■ **WORK TASK**: Starting with the line that has "在尼康D7100机身顶部快门" in the records below and stopping after the line that has "of island life.", output every line exactly and nothing else; skip pictures.

■ **DATA PROVIDED**:
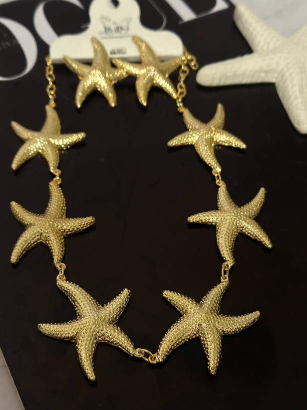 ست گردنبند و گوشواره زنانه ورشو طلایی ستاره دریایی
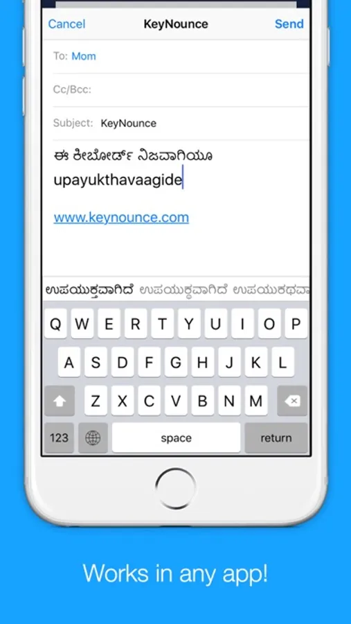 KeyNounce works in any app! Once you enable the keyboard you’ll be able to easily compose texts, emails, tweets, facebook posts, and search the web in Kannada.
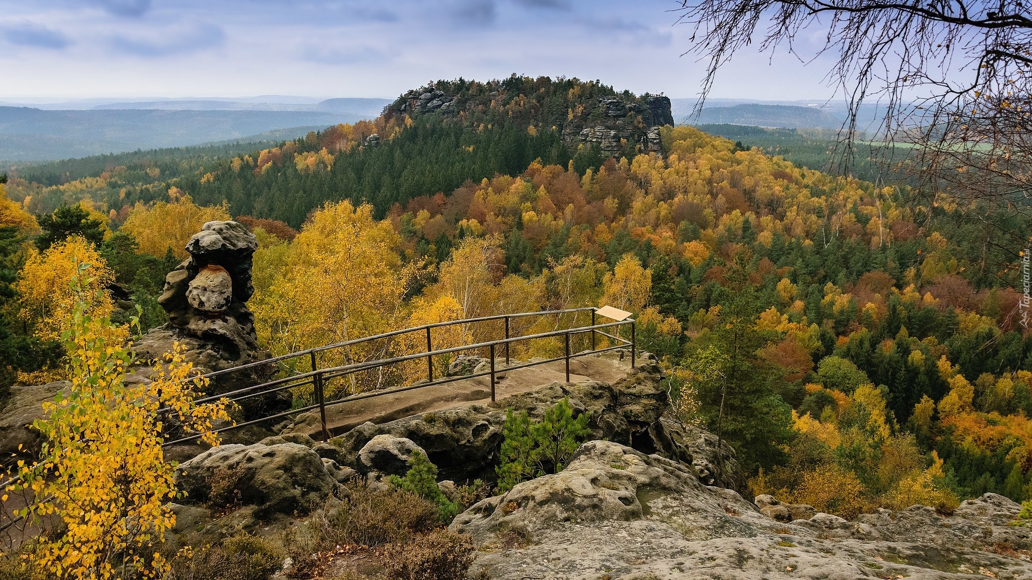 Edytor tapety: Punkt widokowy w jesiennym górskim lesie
---
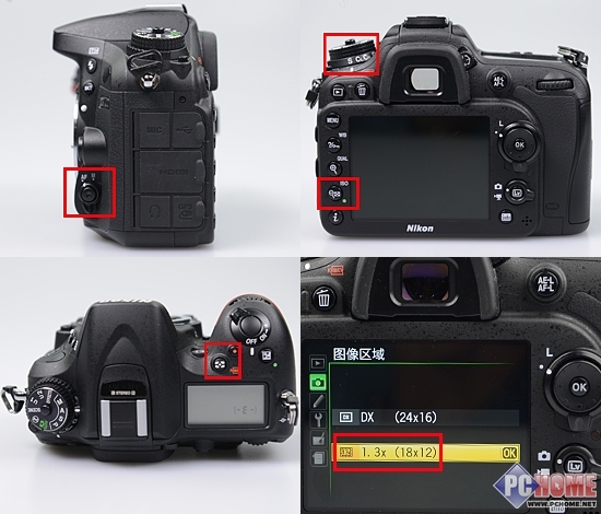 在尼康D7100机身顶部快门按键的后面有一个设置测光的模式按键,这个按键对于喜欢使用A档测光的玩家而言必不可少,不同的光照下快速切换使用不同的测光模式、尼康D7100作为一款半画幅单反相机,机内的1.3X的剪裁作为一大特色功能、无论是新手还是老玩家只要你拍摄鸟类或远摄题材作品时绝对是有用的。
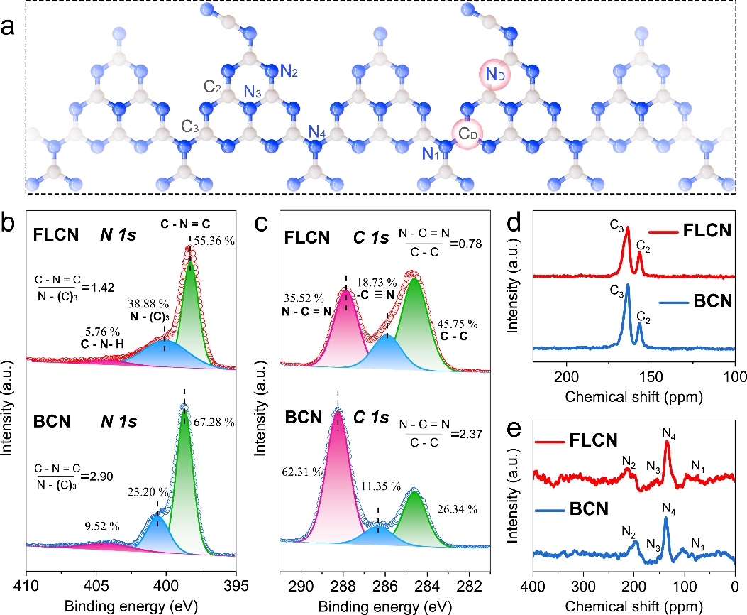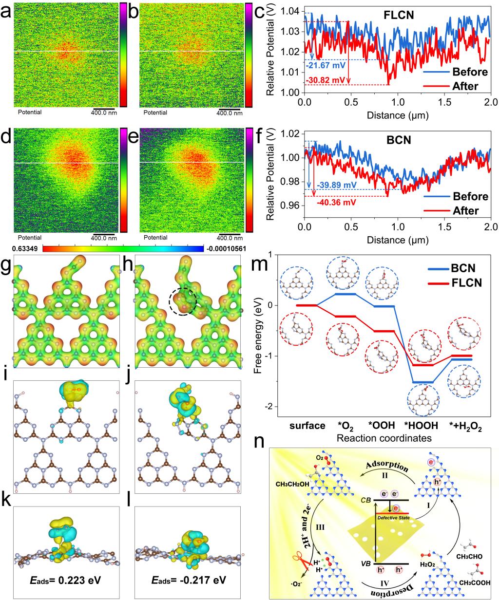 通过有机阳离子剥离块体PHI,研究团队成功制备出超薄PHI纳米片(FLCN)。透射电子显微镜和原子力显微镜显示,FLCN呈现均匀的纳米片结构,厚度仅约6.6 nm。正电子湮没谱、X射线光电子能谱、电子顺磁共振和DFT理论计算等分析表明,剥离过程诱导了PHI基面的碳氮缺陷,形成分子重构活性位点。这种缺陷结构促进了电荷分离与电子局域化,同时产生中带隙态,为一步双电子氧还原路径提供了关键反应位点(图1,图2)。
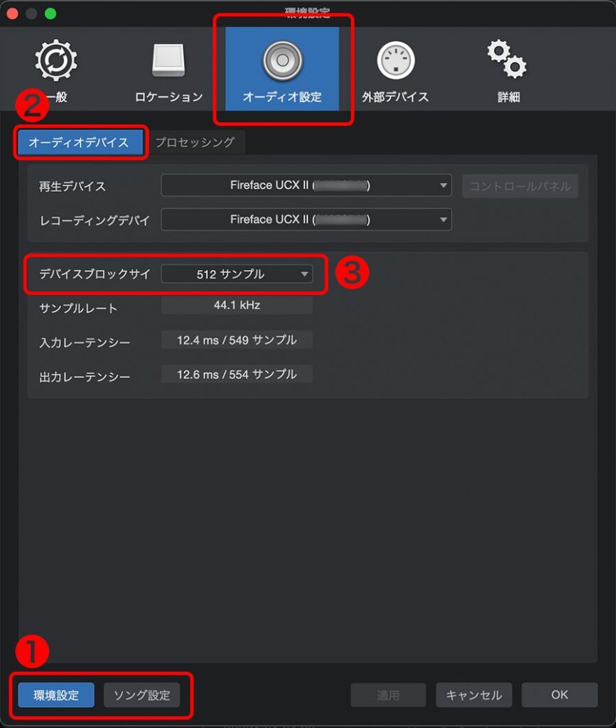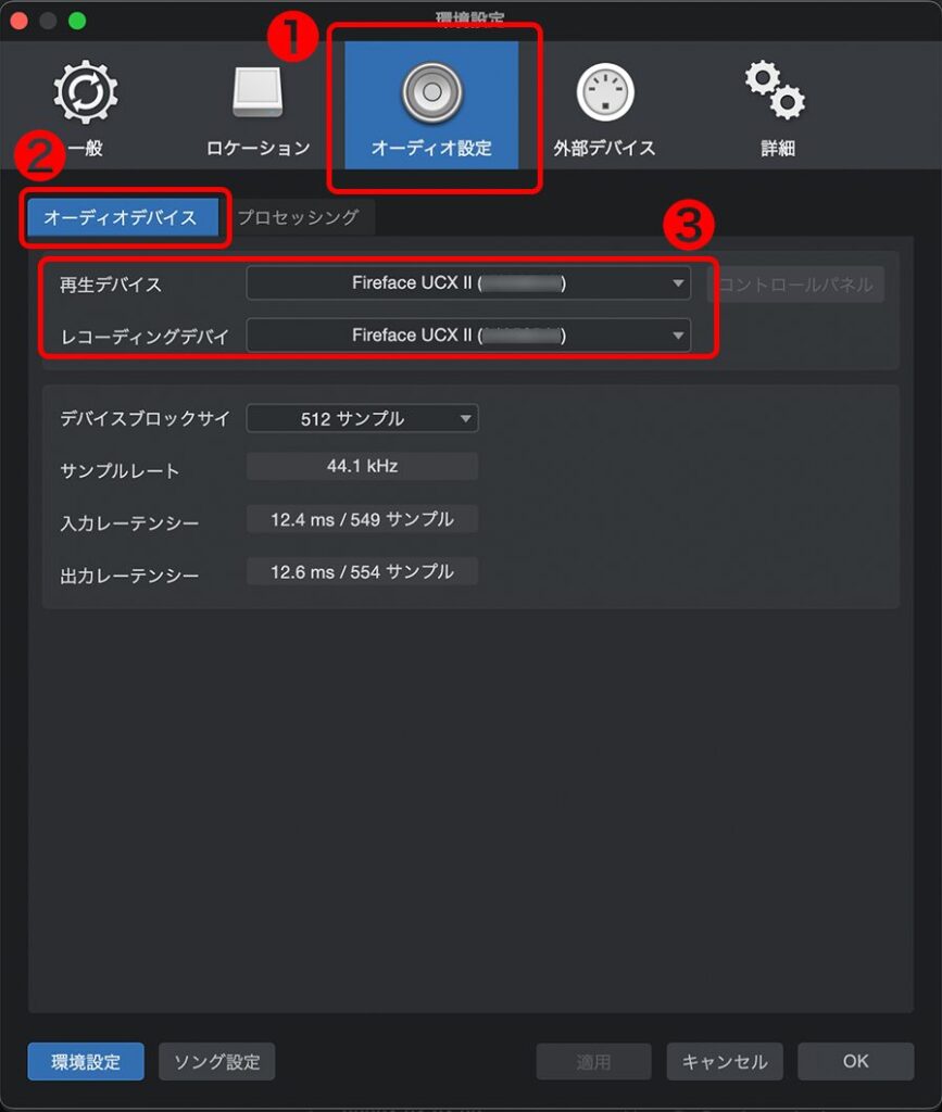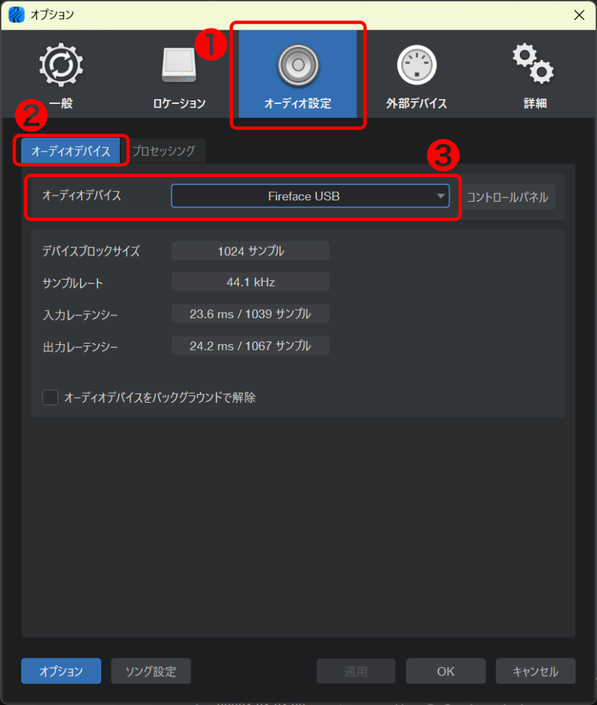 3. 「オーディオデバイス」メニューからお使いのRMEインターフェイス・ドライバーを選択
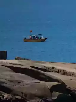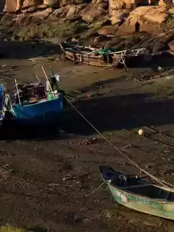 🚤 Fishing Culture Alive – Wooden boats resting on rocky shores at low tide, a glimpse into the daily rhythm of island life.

■ **RESPONSE TO THE TASK**:
 在尼康D7100机身顶部快门按键的后面有一个设置测光的模式按键,这个按键对于喜欢使用A档测光的玩家而言必不可少,不同的光照下快速切换使用不同的测光模式、尼康D7100作为一款半画幅单反相机,机内的1.3X的剪裁作为一大特色功能、无论是新手还是老玩家只要你拍摄鸟类或远摄题材作品时绝对是有用的。
 通过有机阳离子剥离块体PHI,研究团队成功制备出超薄PHI纳米片(FLCN)。透射电子显微镜和原子力显微镜显示,FLCN呈现均匀的纳米片结构,厚度仅约6.6 nm。正电子湮没谱、X射线光电子能谱、电子顺磁共振和DFT理论计算等分析表明,剥离过程诱导了PHI基面的碳氮缺陷,形成分子重构活性位点。这种缺陷结构促进了电荷分离与电子局域化,同时产生中带隙态,为一步双电子氧还原路径提供了关键反应位点(图1,图2)。
 3. 「オーディオデバイス」メニューからお使いのRMEインターフェイス・ドライバーを選択
 🚤 Fishing Culture Alive – Wooden boats resting on rocky shores at low tide, a glimpse into the daily rhythm of island life.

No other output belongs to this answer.